Walker quería ser Baudelaire. Quería llegar con la escritura donde no se llega con otras vías de expresión, de exploración. Pronto se dio cuenta de que su deseo no alcanzaba para suplir el déficit de talento. No le bastaba el anhelo, sus ansias de alcanzar la cima escrita. Y desfalleció. Cayó cual Ícaro que se acercara a un sol inalcanzable. Autoexigente, no tuvo dudas de que no era capaz de lo que quería y por lo tanto, en una ecuación de una simplicidad tan escalofriante como tramposa, su vida carecía de sentido: si no puedo ser lo que quiero ser, no seré. Así se lo trasmite a un amigo íntimo, escritor. Éste le viene a decir: ojalá pudiera yo trasmitir con mi escritura lo que tú trasmites con tu fotografía. El veinteañero había comenzado sus escarceos con la cámara, pero era ciego a su propio talento.

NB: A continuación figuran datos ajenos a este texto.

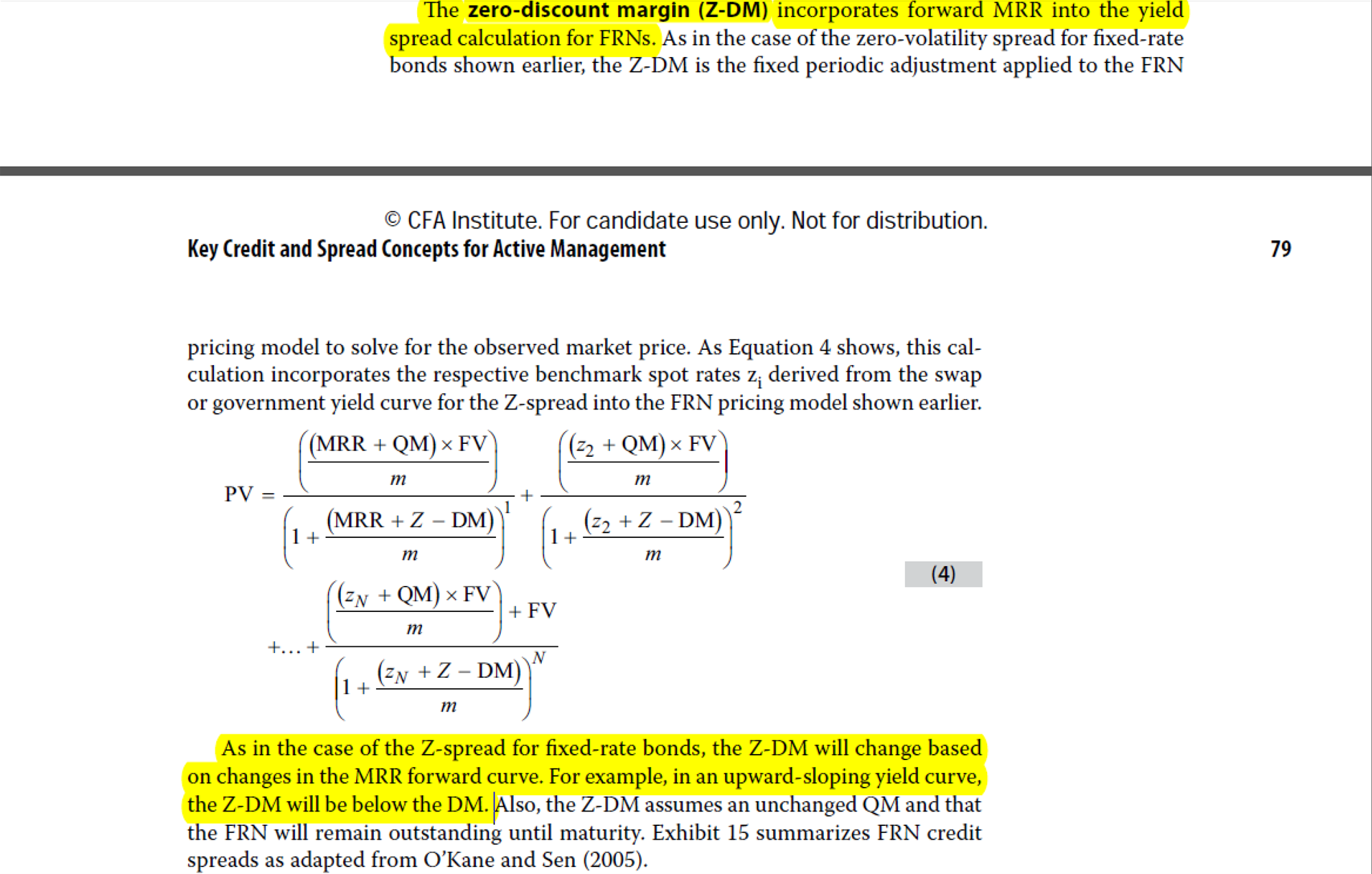 老师你好,讲义上说Discount rate=Spot MRR+Z-DM,所以当总体利率不变时,即期利率越大小,Z-DM越大吧?老师为什么说是远期参考利率?

En las primeras fotografías que se conservan, Walker se fotografía a sí mismo en formato diminuto, borroso, gris, sumido en sombras. La ventana abierta al lado invitando al salto fatal. Pero no saltó, y murió mucho tiempo después dejando un legado inigualable. Explorando como hubiera querido hacerlo con la pluma. Rimando. Guardando métricas imposibles. Haciendo metáforas inauditas. Adelantándose medio siglo bajo el suelo de la ciudad, en el metro. Delatando la hipocresía de su sociedad. Anunciando cambios que sus contemporáneos no avistaron hasta décadas después. Acabó, enfermo ya, pero con la curiosidad intacta, utilizando la Polaroid. Él, que había tildado el color de grosero. La cámara que resume la banalización de la fotografía es objeto de su atención. Y la eleva hasta el sol, aquel que estuvo a punto de matarle cuando quiso alcanzarlo.

El joven que quería escribir y no sabía que lo que le era dado era ver.

Walker Evans en la sala Azca de la Fundación MAPFRE de Madrid. Hasta el 22 de marzo.